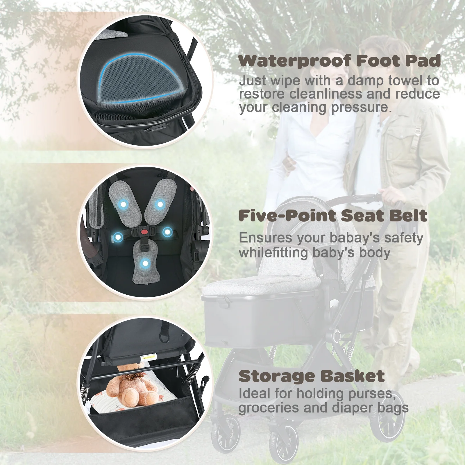 [Convertible to Bassinet Pram] Our landscape baby stroller is designed with a reversible seat, allowing you to easily adjust baby’s position. This flexibility ensures that you can engage with your little one in bassinet pram mode; And let your baby enjoy the outside scenery with free from automobile exhaust pollution in landscape stroller mode. [Quick Folding Design] With a simple press and push, you can effortlessly collapse the toddler pushchair into a compact size, making it incredibly convenient for storage or transport. Meanwhile, artificial leather baby stroller handles increase grip and facilitate sliding effortlessly. [Multifunctional & Flexible Adjustment] The seat of the stroller can be tilted to different positions for lying down and sitting. The sleep surface angle is about 7 degrees, which is comply with the requirements of the bassinet standard. Detachable canopy can be adjust to 3 different positions, which will protect your baby from direct sunlight. Foot cover and seat guardrail can be moved according to your needs. The front wheel can rotate 360 degrees, making it convenient for you to adjust the direction. [Stable & Trusted Construction] Crafted with aluminum materials and featuring a sturdy frame, this baby pram stroller offers a smooth and comfortable ride for your baby. The spring suspension system ensures smooth maneuverability over various terrains, making it suitable for urban walks or outdoor adventures. Also, the safety wrist strap to prevent it from slipping away. [Spacious & Storage-Friendly] Say goodbye to cramped spaces! This Baby Pushchair offers ample room for your baby to stretch out. The breathable peek-a-boo mesh windows to keep the space fresh and observe baby’s condition at any time. It also features a generous storage basket underneath, providing convenient space for all your essential items during all-day outings. Additional cup holder to keep your drinks or feeding-bottle. 1 x Baby stroller 1 x Cup holder 1 x Foot cover 1 x Front armrest 1 x User Manual
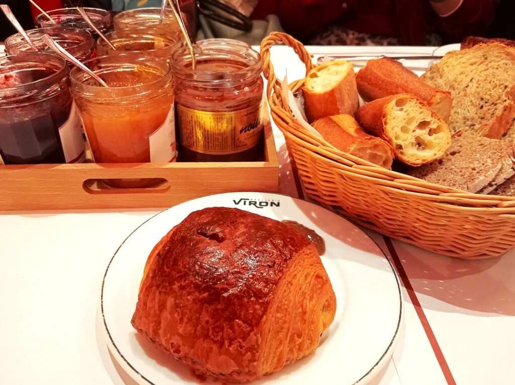 ヴェノワズリー(パン・オ・ショコラ)もサクサクで、中のチョコレートは甘すぎず適度にビター。
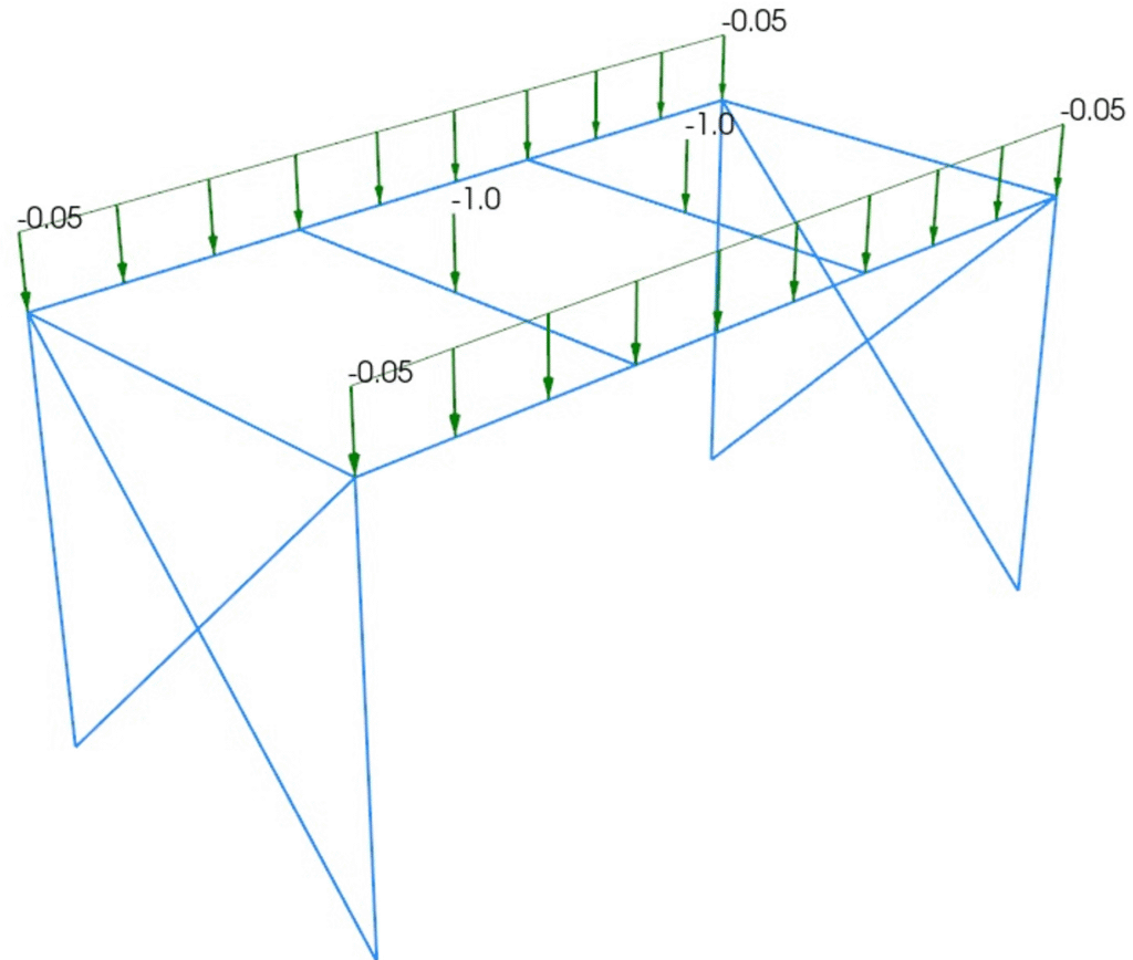 O XStrudes exibe graficamente todos os carregamentos (nodais, concentrados e distribuídos) sobre o modelo 3D da estrutura, auxiliando o usuário a confirmar que todas as cargas foram aplicadas corretamente e nas posições desejadas.
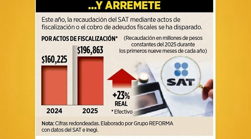 Monterrey, NL 7 diciembre 2025.- Todo un arsenal de facultades, casi ilimitadas y discrecionales, acumula el Servicio de Administración Tributaria (SAT) para sancionar a un contribuyente en 2026, advirtieron fiscalistas.
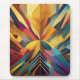 In der Mitte konvergiert eine lebhafte Reihe gewagter geometrischer Formen, die eine symmetrische und farbenfrohe Zusammensetzung bilden. Das Stück verwendet eine Vielzahl von Farbtönen, von warmen Gelbtönen und Orangen bis hin zu cooler Blues und Purpur.
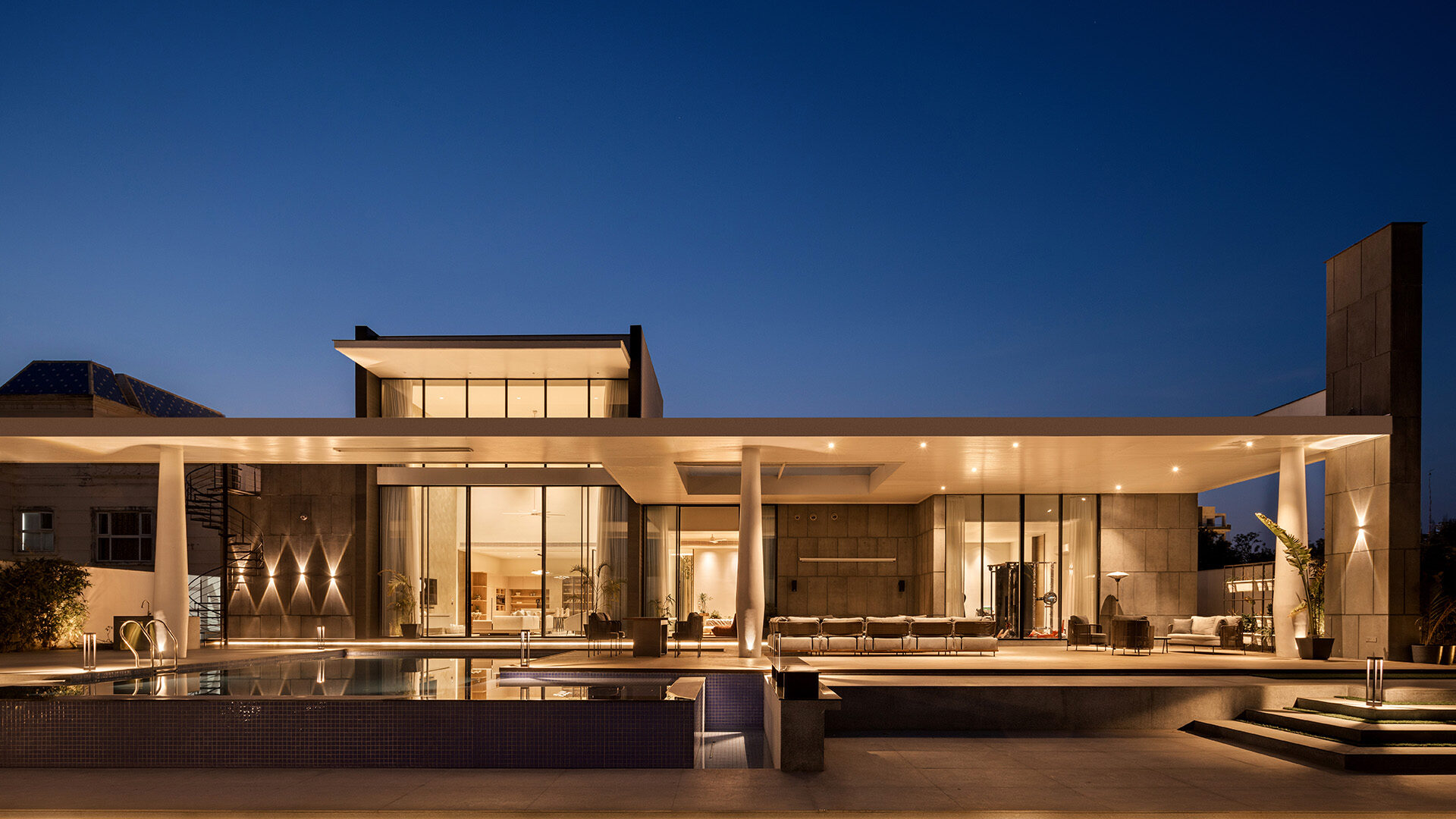 Ananda is a modern residence in Amritsar that masterfully integrates contemporary design with Indian aesthetics, creating a serene retreat where expansive indoor-outdoor spaces and natural beauty seamlessly merge to offer a tranquil and elegant living experience.
§
→ EXERCISE OBJECTIVE:
Repeat the entries exactly as they are given, leaving out each image.

→ OUTPUT OF THE EXERCISE:
 [Convertible to Bassinet Pram] Our landscape baby stroller is designed with a reversible seat, allowing you to easily adjust baby’s position. This flexibility ensures that you can engage with your little one in bassinet pram mode; And let your baby enjoy the outside scenery with free from automobile exhaust pollution in landscape stroller mode. [Quick Folding Design] With a simple press and push, you can effortlessly collapse the toddler pushchair into a compact size, making it incredibly convenient for storage or transport. Meanwhile, artificial leather baby stroller handles increase grip and facilitate sliding effortlessly. [Multifunctional & Flexible Adjustment] The seat of the stroller can be tilted to different positions for lying down and sitting. The sleep surface angle is about 7 degrees, which is comply with the requirements of the bassinet standard. Detachable canopy can be adjust to 3 different positions, which will protect your baby from direct sunlight. Foot cover and seat guardrail can be moved according to your needs. The front wheel can rotate 360 degrees, making it convenient for you to adjust the direction. [Stable & Trusted Construction] Crafted with aluminum materials and featuring a sturdy frame, this baby pram stroller offers a smooth and comfortable ride for your baby. The spring suspension system ensures smooth maneuverability over various terrains, making it suitable for urban walks or outdoor adventures. Also, the safety wrist strap to prevent it from slipping away. [Spacious & Storage-Friendly] Say goodbye to cramped spaces! This Baby Pushchair offers ample room for your baby to stretch out. The breathable peek-a-boo mesh windows to keep the space fresh and observe baby’s condition at any time. It also features a generous storage basket underneath, providing convenient space for all your essential items during all-day outings. Additional cup holder to keep your drinks or feeding-bottle. 1 x Baby stroller 1 x Cup holder 1 x Foot cover 1 x Front armrest 1 x User Manual
 ヴェノワズリー(パン・オ・ショコラ)もサクサクで、中のチョコレートは甘すぎず適度にビター。
 O XStrudes exibe graficamente todos os carregamentos (nodais, concentrados e distribuídos) sobre o modelo 3D da estrutura, auxiliando o usuário a confirmar que todas as cargas foram aplicadas corretamente e nas posições desejadas.
 Monterrey, NL 7 diciembre 2025.- Todo un arsenal de facultades, casi ilimitadas y discrecionales, acumula el Servicio de Administración Tributaria (SAT) para sancionar a un contribuyente en 2026, advirtieron fiscalistas.
 In der Mitte konvergiert eine lebhafte Reihe gewagter geometrischer Formen, die eine symmetrische und farbenfrohe Zusammensetzung bilden. Das Stück verwendet eine Vielzahl von Farbtönen, von warmen Gelbtönen und Orangen bis hin zu cooler Blues und Purpur.
 Ananda is a modern residence in Amritsar that masterfully integrates contemporary design with Indian aesthetics, creating a serene retreat where expansive indoor-outdoor spaces and natural beauty seamlessly merge to offer a tranquil and elegant living experience.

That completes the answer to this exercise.